Mom shushes me even though she’s too far away to hear.
“She’s just a stupid woman in a ridiculous costume,” Juniper snaps.
“No, no, no.” Mom grabs her by the shoulders and looks her straight in the eye. Juniper is startled by Mom’s aggressiveness. Mom realizes what she’s done, and she sighs. Then she leads us both to the kitchen table and we sit. “Girls, we have to be careful. You think she’s a woman with a grudge, but Mary May is one of the most senior Whistleblowers, and do you know why?”
“Why?” Juniper asks.
“She reported her sister to the Guild as soon as the Flawed rules were introduced. And then when her family turned its back on her, she reported all of them. Her father, her sisters, and her brother, something to do with their family business. Everyone was taken away, branded, punished.”
“What?” I gasp. “Her own family?”
“She might look like a woman in a stupid costume, but she’s dangerous. Let’s not find out how far she’ll go.”

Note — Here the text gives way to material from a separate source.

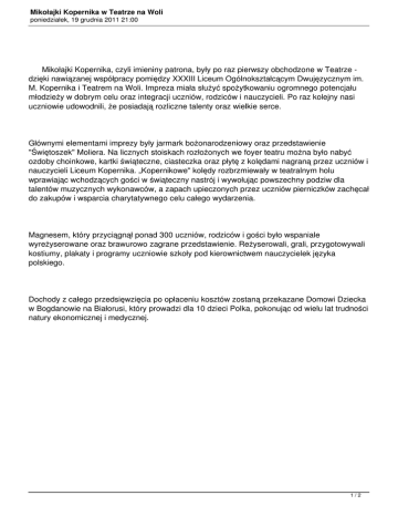 Mikołajki Kopernika w Teatrze na Woli poniedziałek, 19 grudnia 2011 21:00 Mikołajki Kopernika, czyli imieniny patrona, były po raz pierwszy obchodzone w Teatrze dzięki nawiązanej współpracy pomiędzy XXXIII Liceum Ogólnokształcącym Dwujęzycznym im. M. Kopernika i Teatrem na Woli. Impreza miała służyć spożytkowaniu ogromnego potencjału młodzieży w dobrym celu oraz integracji uczniów, rodziców i nauczycieli. Po raz kolejny nasi uczniowie udowodnili, że posiadają rozliczne talenty oraz wielkie serce. Głównymi elementami imprezy były jarmark bożonarodzeniowy oraz przedstawienie "Świętoszek" Moliera. Na licznych stoiskach rozłożonych we foyer teatru można było nabyć ozdoby choinkowe, kartki świąteczne, ciasteczka oraz płytę z kolędami nagraną przez uczniów i nauczycieli Liceum Kopernika. „Kopernikowe" kolędy rozbrzmiewały w teatralnym holu wprawiając wchodzących gości w świąteczny nastrój i wywołując powszechny podziw dla talentów muzycznych wykonawców, a zapach upieczonych przez uczniów pierniczków zachęcał do zakupów i wsparcia charytatywnego celu całego wydarzenia. Magnesem, który przyciągnął ponad 300 uczniów, rodziców i gości było wspaniale wyreżyserowane oraz brawurowo zagrane przedstawienie. Reżyserowali, grali, przygotowywali kostiumy, plakaty i programy uczniowie szkoły pod kierownictwem nauczycielek języka polskiego. Dochody z całego przedsięwzięcia po opłaceniu kosztów zostaną przekazane Domowi Dziecka w Bogdanowie na Białorusi, który prowadzi dla 10 dzieci Polka, pokonując od wielu lat trudności natury ekonomicznej i medycznej. 1/2 Mikołajki Kopernika w Teatrze na Woli poniedziałek, 19 grudnia 2011 21:00 Tu można obejrzeć zdjęcia... naszej płycie. ... aM. tu dowiedzieć się więcej Dyrekcja składa uczniom, wsparcia serdeczne XXXIII charytatywnego którzy Liceum podziękowania Ogólnokształcącego celu sercem naszego wszystkim wspomogli przedświątecznego wychowawcom, Dwujęzycznego MIKOŁAJKI przyczyniając spotkania. nauczycielom, im. Kopernika się tym rodzicom w samym Warszawie i do o w Szczególne składamy: „Świętoszka”; Juliannie Lesiak i Aleksandrze Zygmund za nad przygotowaniem przygotowanie Michałowi i otwartym nagranie Jóźwiakowi „Kolęd i pani Monice Gromek zanadzór olbrzymią pracę włożoną w Bogdanowie; panu Grzegorzowi Śmigierze zaKopernika”; koordynowanie na rzecz rodzinnego domu dziecka -związanych paniom Izabeli zpodziękowania Mikołajkami. Tkacz oraz Izabeli Urbańskiej za działań pomoc we wszystkich działaniach 2/2

I swallow and nod. I may have gotten away easily here. My weeklong detention isn’t the worst punishment in the world. It means that I can still go to Logan’s party tomorrow night, which I’ve been excited and anxious about, but it will pause my Carrick-finding mission, and I need to find him before Crevan manages to make any more people disappear.
FORTY-ONE
“SO DID YOU speak with the guards?” I ask Pia, biting into my apple.
An urgent request to meet with me has brought Pia to my house extremely early Friday morning. I can hear everybody getting ready for school and work, but I’m in no rush because the principal just called to say that due to the reaction to Pia Wang’s article, I can’t attend school until we figure out other arrangements. They have finally gotten their way, and they’re using the article to get at me, no doubt Crevan’s idea. I’m gone, now Art can attend. He just needs to be found first.